(LONDON) Oil prices fell slightly on Monday without breaking the symbolic $80 a barrel mark for Brent as most of the gains after OPEC production cuts evaporated amid fears over the economy world.
Around 6 a.m. (Eastern time), a barrel of Brent from the North Sea for delivery in June yielded 0.39%, to 81.34 dollars.
Its American equivalent, a barrel of West Texas Intermediate (WTI), for delivery the same month dropped 0.26% to 77.67 dollars.
“The prospects for weaker economic growth have an effect on global oil demand expectations,” summarizes Ricardo Evangelista, analyst at ActivTrades.
As inflation persists around the world, investors are increasingly anticipating that monetary policies will be tightened further, which is weighing on the economy and therefore on the appetite for crude.
In this context, prices are sagging after their surge recorded in early April, when several members of the Organization of the Petroleum Exporting Countries and their allies (OPEC+) announced voluntary production cuts.
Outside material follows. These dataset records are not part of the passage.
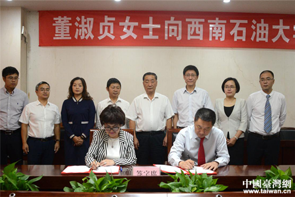 董淑贞与西南石油大学签订捐赠协议。(图片来源:四川省台联)
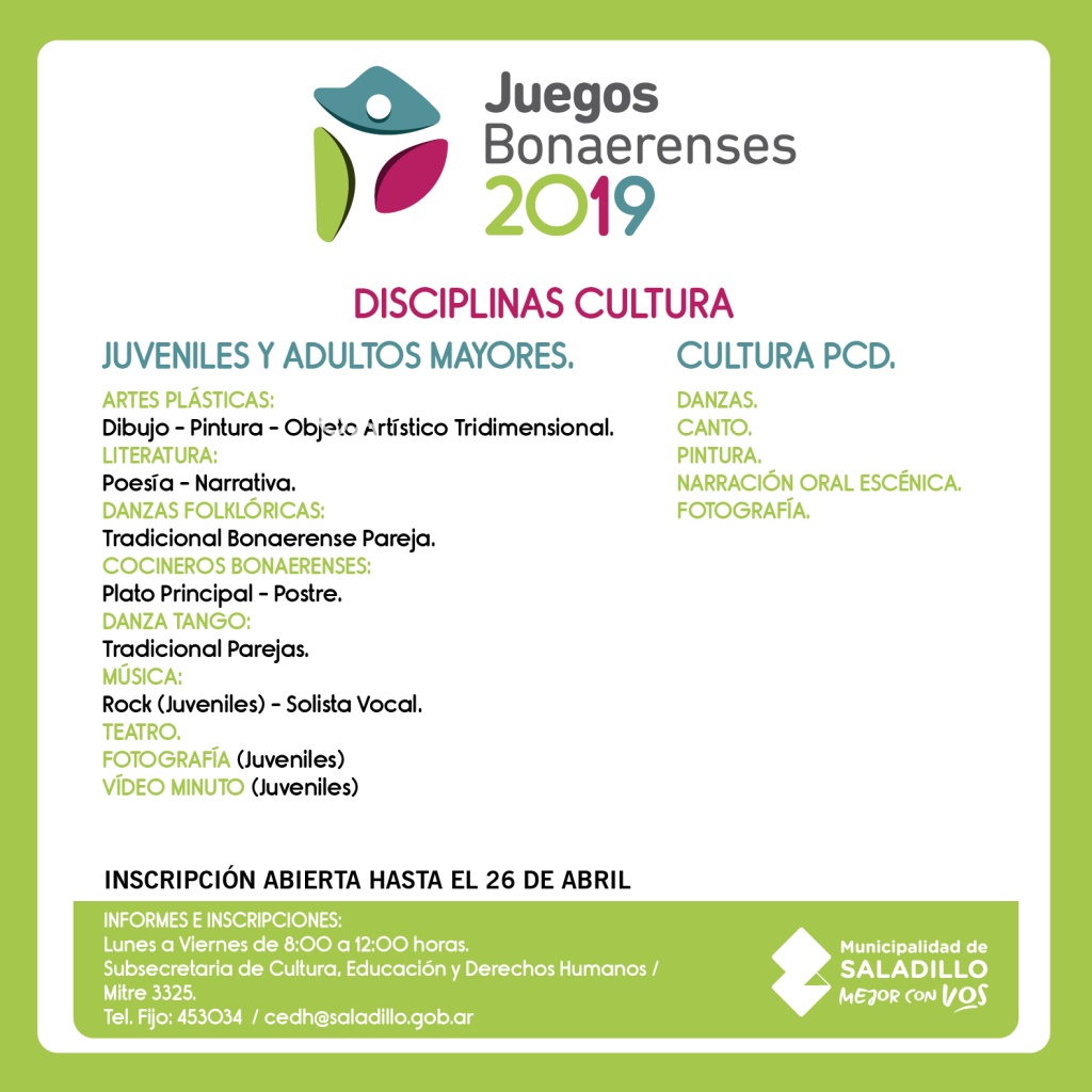 Anotate en las disciplinas de Cultura de lunes a viernes de 8 a 12 horas en la Subsecretaría de Cultura, Educación y Derechos Humanos (Mitre 3325).
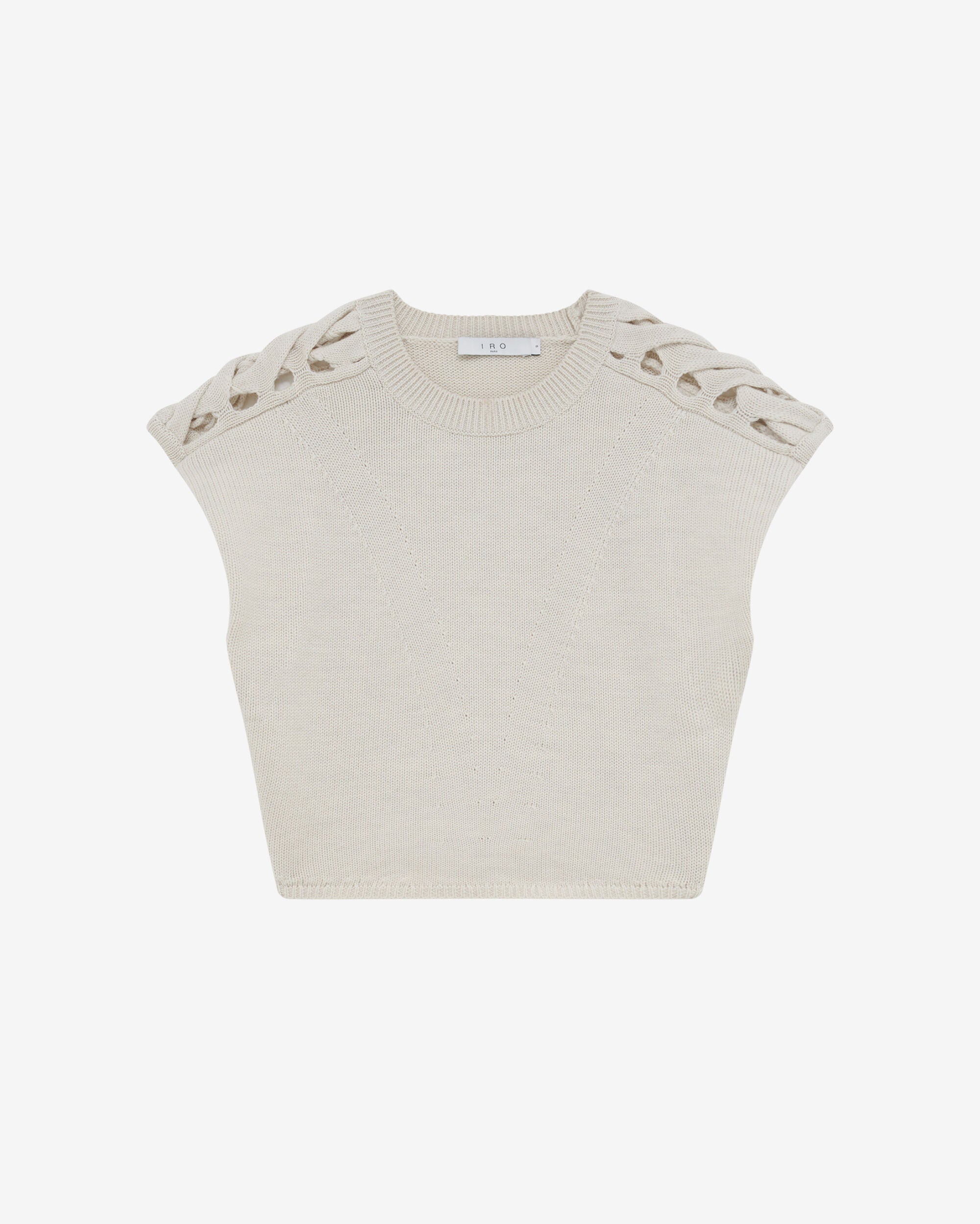 Pull sans manches• Col rond• Coupe ajustée• Détail de tresses sur les épaules• Matière principale : 100% laine
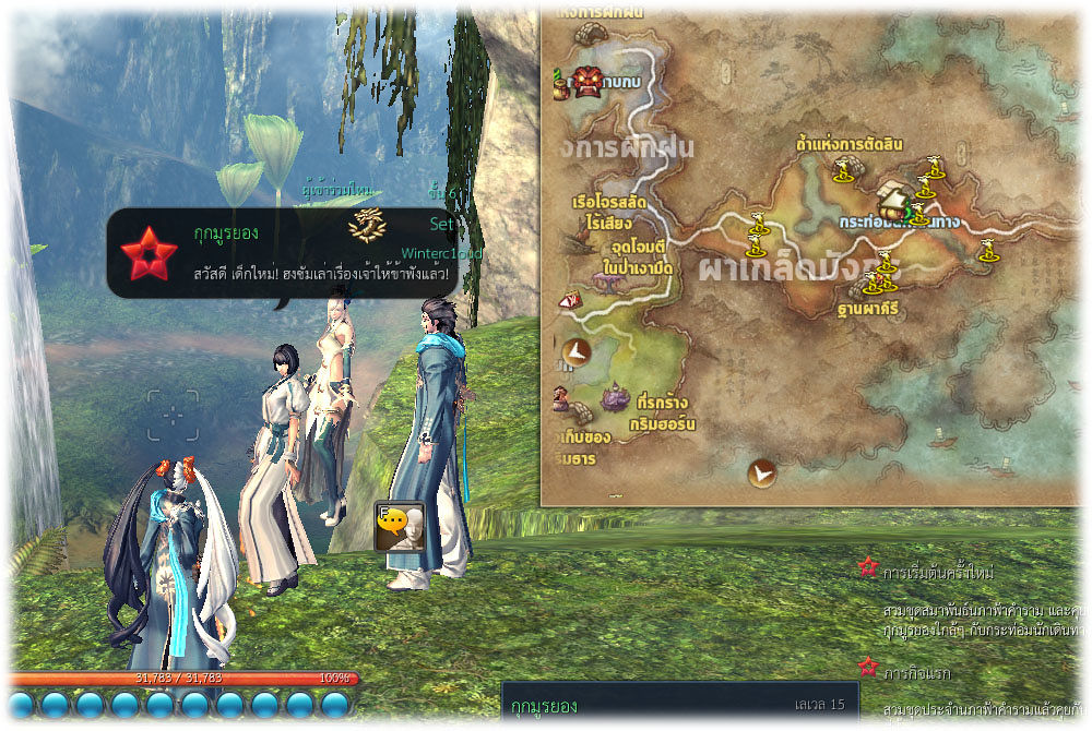 TR.1 เนินเขามังกร > ผาเกล็ดมังกร > กระท่อมนักเดินทาง : NPC จะยืนอยู่บนยอดผา โดยเควสให้เราไปเก็บแร่มาส่ง
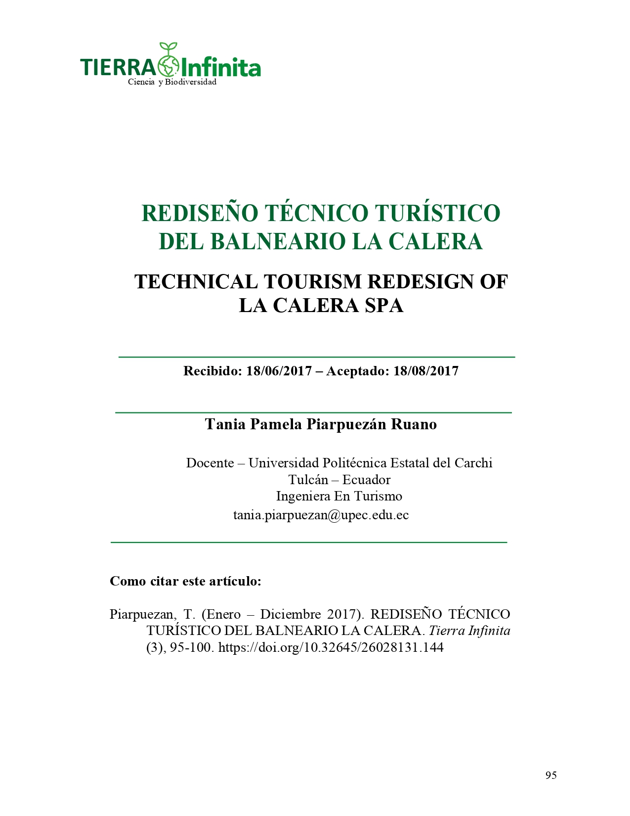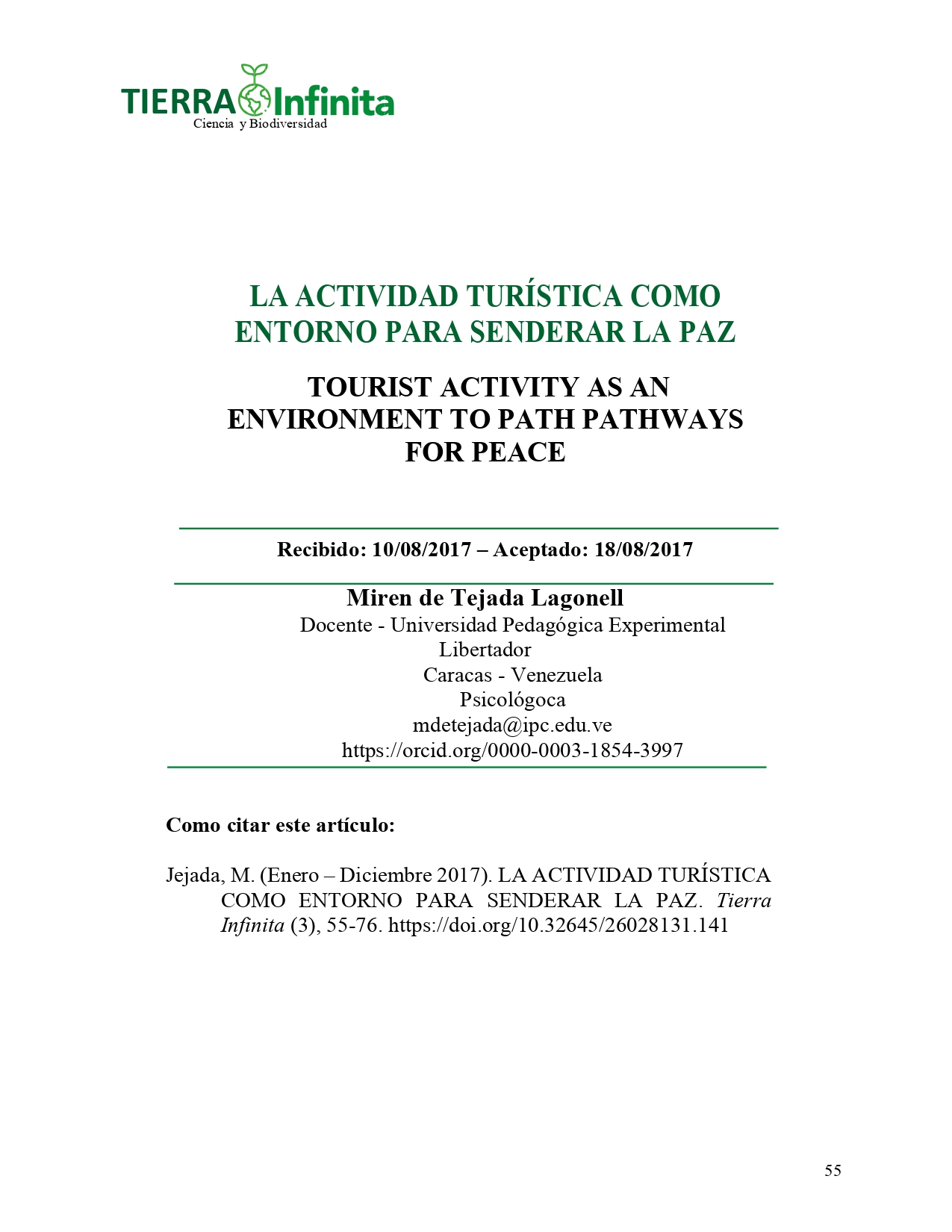 En la actualidad la revista Tierra Infinita a través de la Facultad de Industrias Agropecuarias y Ciencias Ambientales, con sus carreras de Turismo y Ecoturismo, Desarrollo Integral Agropecuario, Alimentos e Informática realiza una contribución relevante al desarrollo profesional-disciplinar, en diferentes campos de acuerdo a las especialidades, aportando al desarrollo, la creatividad, el estudio riguroso de la realidad donde se realizan las investigaciones, proporcionan distintos enfoques relevantes para coadyuvar al desarrollo de la actividad científica, para que los resultados a nivel internacional sobre publicaciones en revistas indexadas vayan incrementándose.
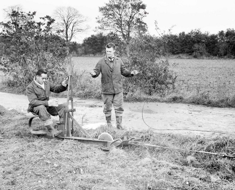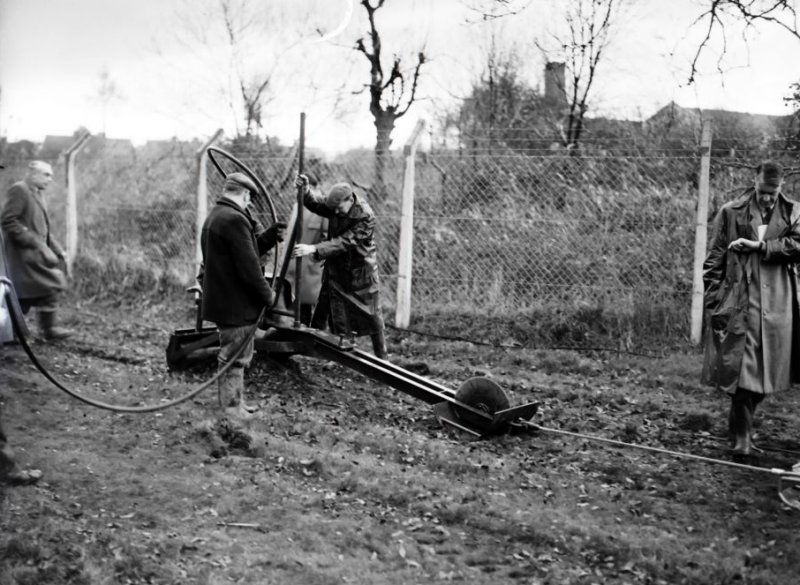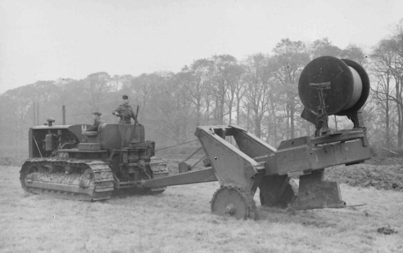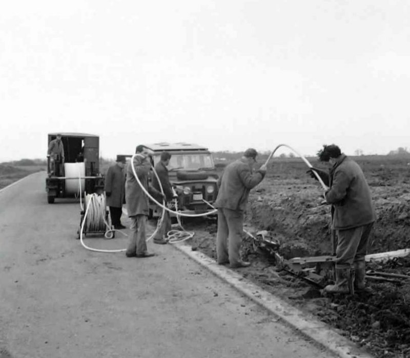 Moleploughs are used to lay cables of small diameter and small gauge duct directly into the ground. Moleploughs used to be standalone mechanical devices that were pulled by a tractor or tracked vehicle. The Post Office also used Landrovers, with winches, to pull moleploughs from the 1960's onwards. The mole consists of a ploughing blade that is pulled through the ground, cutting a channel of the required width and depth. A box chute or tube is attached to the ploughing blade which enable the cables to be laid directly into the channel along with the earth surround. Due to the narrowness of the channel the ground closes in after the box has passed, thus covering the cable or duct. Today we have moleploughing machines that are effectively tractors with the plough attached and a drum on the back for the cable or duct. The following documents expand on Moleploughing:- Moleploughing Cable and Duct - 1970 Moleploughing Cable and Duct - 1975 Moleploughing and Machine Trenching - 1983
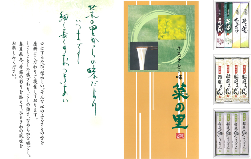 小麦粉を知りつくした千葉製粉が自信をもってお届けする菜の里シリーズ。極上のつるつる感、なめらかな喉越しが特長です。
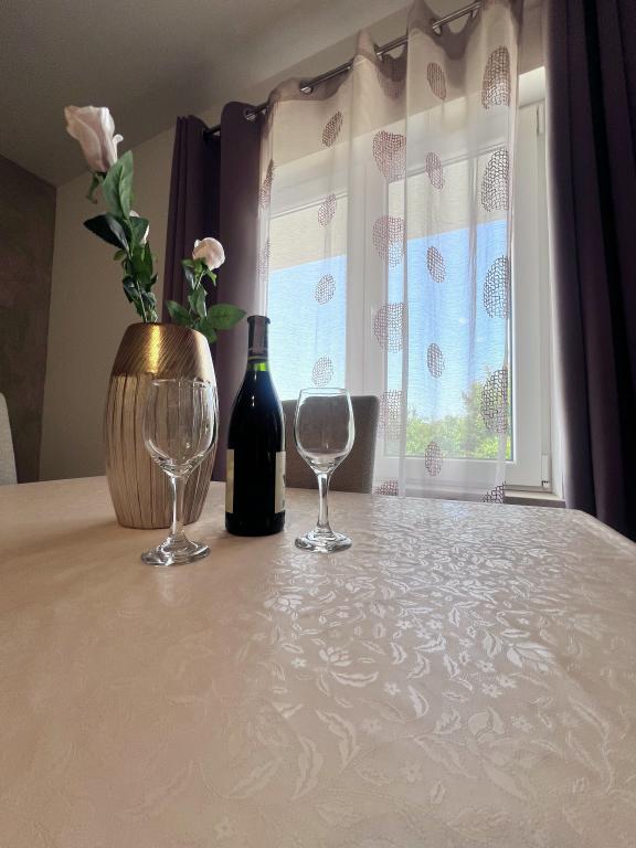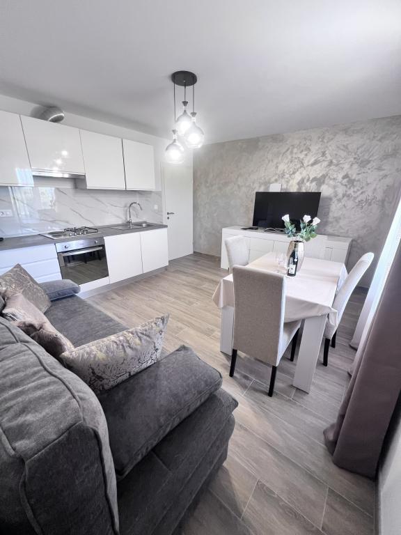 Apartamente decorate modern, ideale pentru familii cu copii și cupluri. Sunt situate într-o locație liniștită, pe un deal ușor, și oferă vedere la mare și la împrejurimi. Distanța de cea mai apropiată plajă este de 900 m, iar de centrul comercial la 600 m, iar stația de autobuz este la 3 minute de mers pe jos.

Compared to their level at the end of March, just before the announcements of production cuts, Brent gained 1.95% and WTI 0.95%.
ING analysts note, however, that demand persists, particularly in India, where imports have increased last year and in recent months.
“Local refineries processed a record 23,000 tons in March, a slight increase of 3% year-on-year,” they comment.
And China, the world’s biggest importer, could see its consumption increase as the Golden Week holiday takes place next week, encouraging travel within the country.
Thursday’s US growth data could also influence demand forecasts from the world’s largest consumer of black gold.